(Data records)
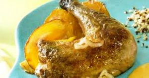 Découvrez la recette des cuisses de pintades au coulis de mangue.
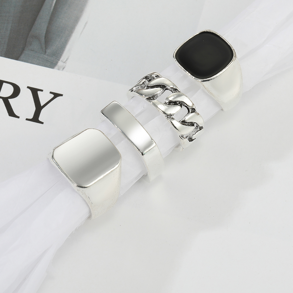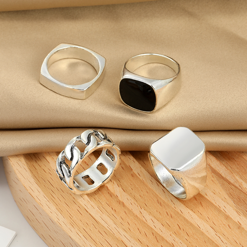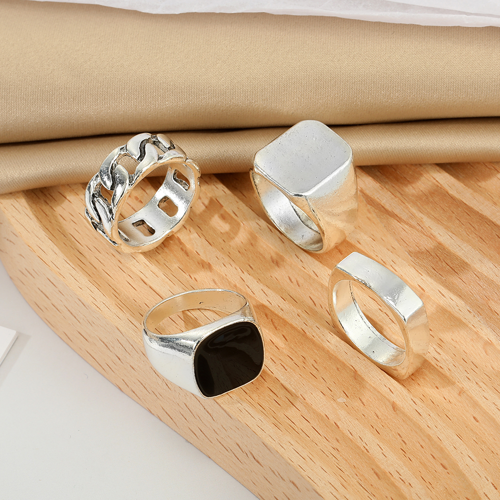 Fleepmart Hiphop/Rock Silver Plated Geometric Ring Set for Men Women Street Trend Metal Finger Rings Fashion Punk Jewelry Gifts
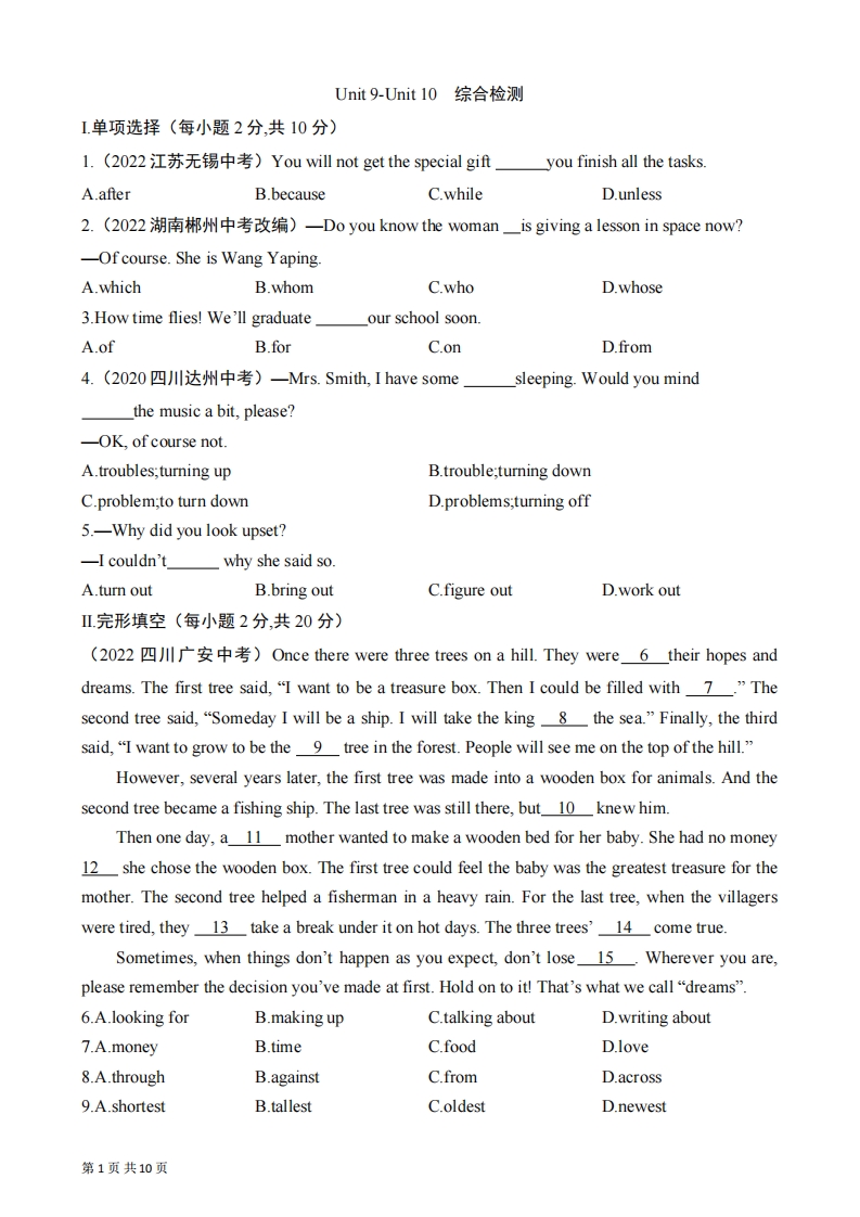 九年级(上)英语 Unit 9-10 综合检测(冀教版)
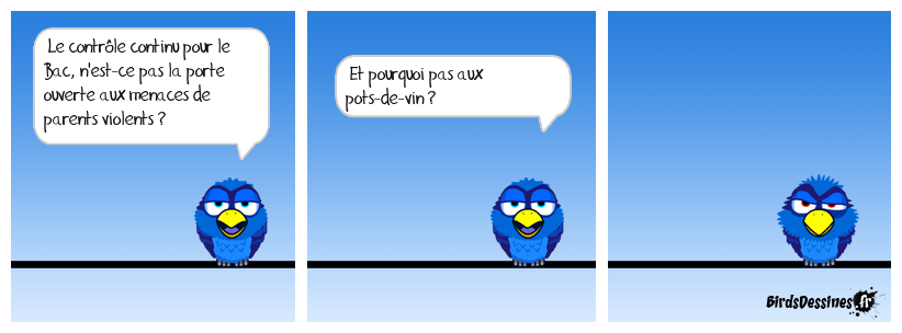Case 1:Bird 1: Le contrôle continu pour le Bac, n'est-ce pas la porte ouverte aux menaces de parents violents ? | Case 2: Bird 1: Et pourquoi pas aux pots-de-vin ? | Case 3:
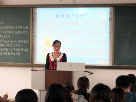 在家长会上,各班班主任向家长介绍了学校在教学质量、育人质量、特长教育等方面所取得的成果;介绍了学校今后的发展前景、办学思路;阐述了学校教学常规管理体系,并且真诚邀请家长监督学校的办学行为;认真分析了目前学校的情况;向家长们提出了一些教育孩子的建议;对如何预防校园安全、交通安全以及如何培养孩子良好的习惯进行了具体讲解;希望家长加强与学校的沟通、加强与子女的沟通,为共同教育好孩子而努力。有些班级还邀请班上成绩优异或进步较大的学生家长现身说法,讲述教育孩子的成功经验。家长们互通有无,气氛活跃。
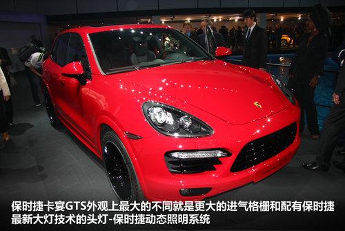 新款 Cayenne GTS 的運動氣質不僅體現在性能上,在外觀上也相當明顯。Cayenne GTS 典型特色是前部的加大冷卻進氣口(與 Cayenne Turbo 相似)和大燈:Cayenne GTS 標配了保時捷最好的照明技術 —保時捷動態照明系統(PDLS)。該系統是氙氣照明系統的強化版,配有集成的動態及靜態彎道燈、具有鄉村公路及高速公路兩種模式的速敏式行車燈控制裝置以及防風防霧照明。此外,Cayenne GTS 大燈的內部鑲邊采用黑色裝飾,LED尾燈也采用了暗色。

### EXERCISE INSTRUCTIONS
Up to and including the line with "九年级(上)英语 Unit 9-10 综合检测(冀教版)", repeat every line from the top of the entries exactly, but not the pictures.

### SOLUTION TO THE EXERCISE
 Découvrez la recette des cuisses de pintades au coulis de mangue.
 Fleepmart Hiphop/Rock Silver Plated Geometric Ring Set for Men Women Street Trend Metal Finger Rings Fashion Punk Jewelry Gifts
 九年级(上)英语 Unit 9-10 综合检测(冀教版)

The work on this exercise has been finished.